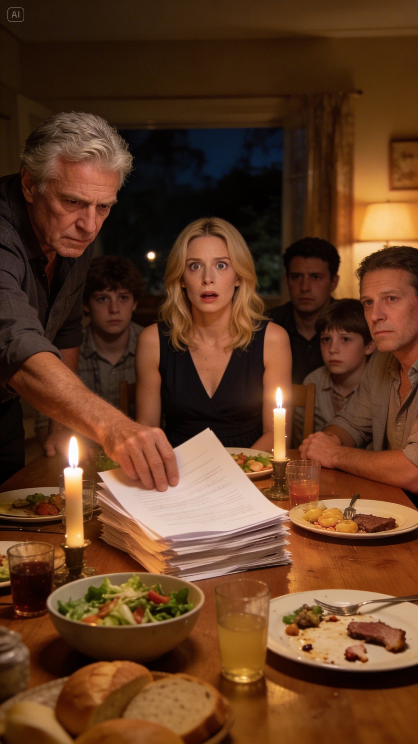 Father stood at the dining table with both hands braced on the wood. The birthday newspaper was still there like a pathetic prop. Mother stood at the sink doing nothing. Grant was by the wall, trying to look like backup.
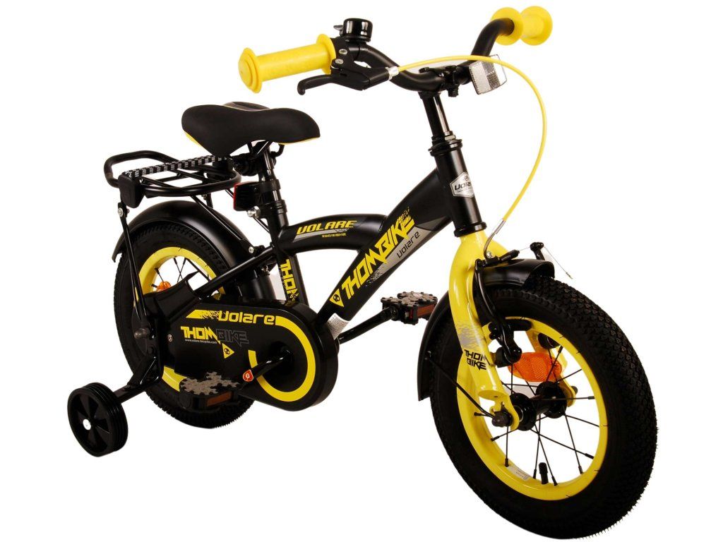 Bezpečnosť je na prvom mieste! Preto má tento cool bicykel prednú ručnú a zadnú pedálovú brzdu, uzavretý kryt reťaze a odnímateľné bočné kolesá. Okrem toho má bicykel pekný zvonček. Myslelo sa aj na pohodlie. Krásny čierny bicykel Volare so žltými akcentmi má luxusné mäkké sedlo, praktický zadný nosič a extra dlhé blatníky, ktoré zadržia všetky nečistoty. Aby ste si bicykel užili čo najdlhšie, sedlo a riadidlá sú výškovo nastaviteľné. Dodáva sa so všetkým montážnym materiálom potrebným na zostavenie bicykla!
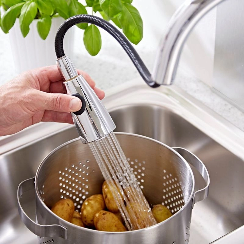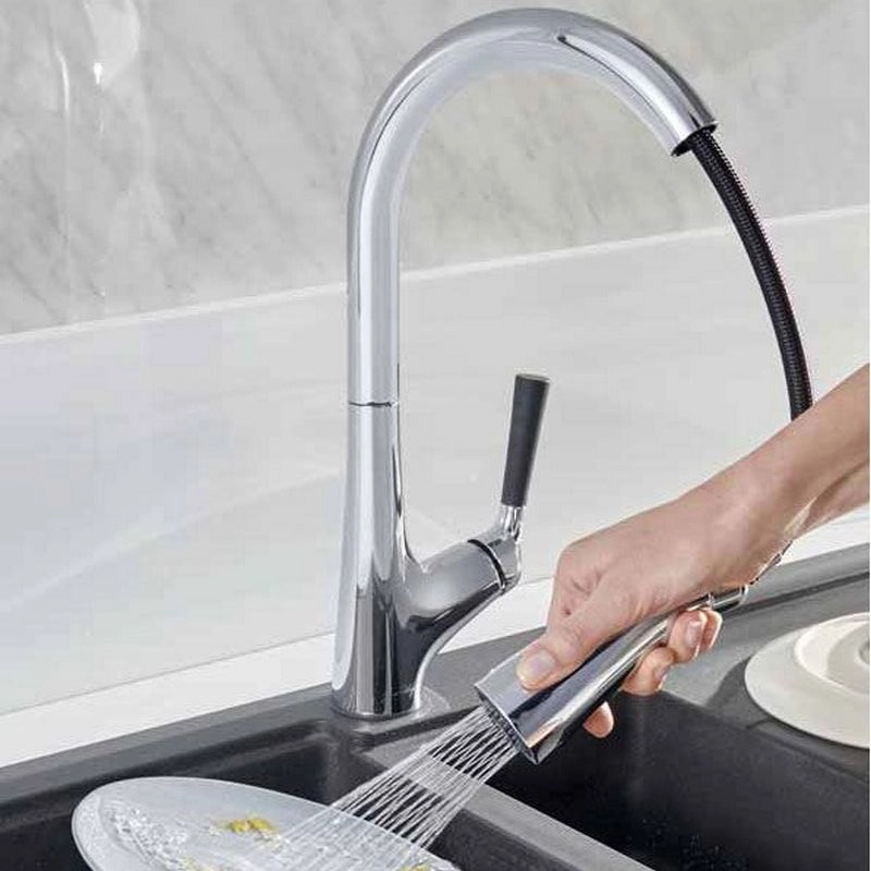 Смеситель для кухни с вытяжным изливом.
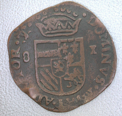 - BeschrijvingVz: Het naar rechts gewende ongekroonde borstbeeld van Philips II, aan de onderzijde reikend tot de onderzijde van de munt. Tussen een getrokken rand en een parelrand het omschrift. Kz: Het gekroonde Oostenrijks-Bourgondische wapen geflankeerd door de cijfers 8 en I. Daaromheen het omschrift en een parelrand.
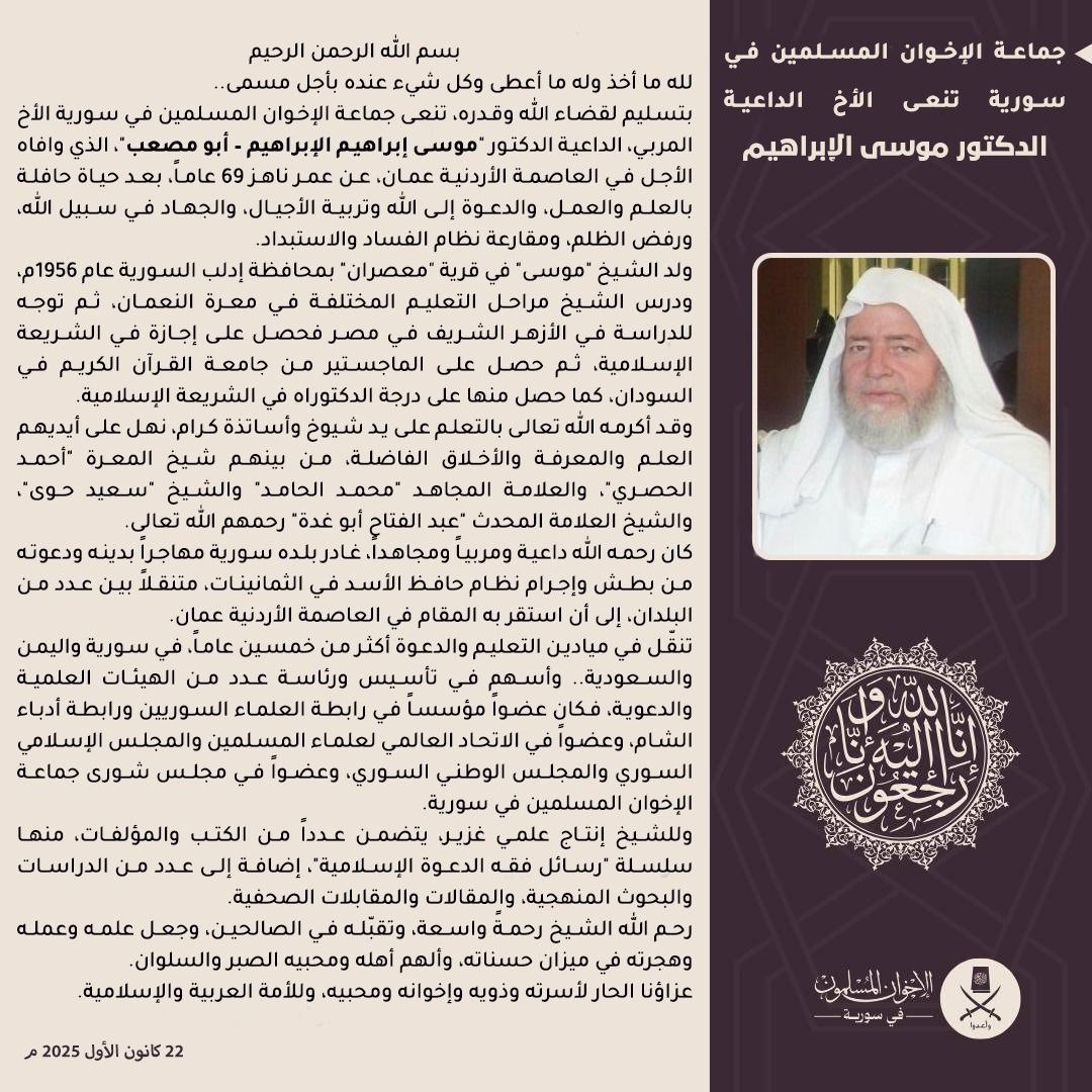 بتسليم لقضاء الله وقدره، تنعى جماعة الإخوان المسلمين في سورية الأخ المربي، الداعية الدكتور “موسى إبراهيم الإبراهيم – أبو مصعب”، الذي وافاه الأجل في العاصمة الأردنية عمان، عن عمر ناهز 69 عاماً، بعد حياة حافلة بالعلم والعمل، والدعوة إلى الله وتربية الأجيال، والجهاد في سبيل الله، ورفض الظلم، ومقارعة نظام الفساد والاستبداد.
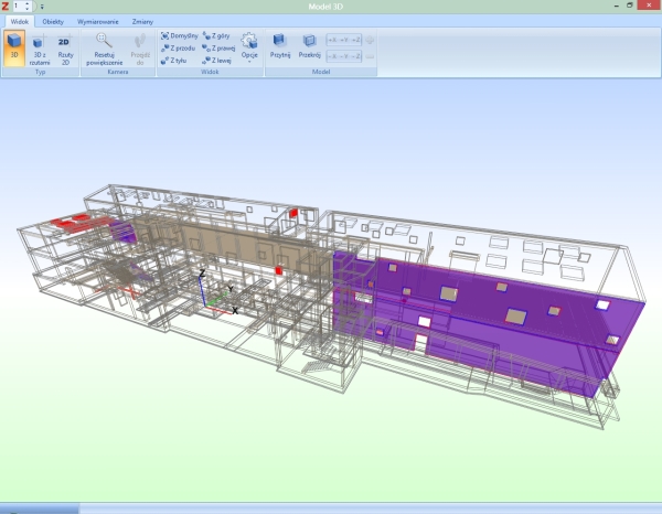 Widok modelu ze zmianami – na czerwono elementy usunięte, fioletowo elementy zmodyfikowane.

**Exercise aim:** From the listing above, restate verbatim the lines running from the one with "Bezpečnosť je na" through the one with "Смеситель для кухни с вытяжным изливом.", inclusive, but not the pictures.

**Completed task:**
 Bezpečnosť je na prvom mieste! Preto má tento cool bicykel prednú ručnú a zadnú pedálovú brzdu, uzavretý kryt reťaze a odnímateľné bočné kolesá. Okrem toho má bicykel pekný zvonček. Myslelo sa aj na pohodlie. Krásny čierny bicykel Volare so žltými akcentmi má luxusné mäkké sedlo, praktický zadný nosič a extra dlhé blatníky, ktoré zadržia všetky nečistoty. Aby ste si bicykel užili čo najdlhšie, sedlo a riadidlá sú výškovo nastaviteľné. Dodáva sa so všetkým montážnym materiálom potrebným na zostavenie bicykla!
 Смеситель для кухни с вытяжным изливом.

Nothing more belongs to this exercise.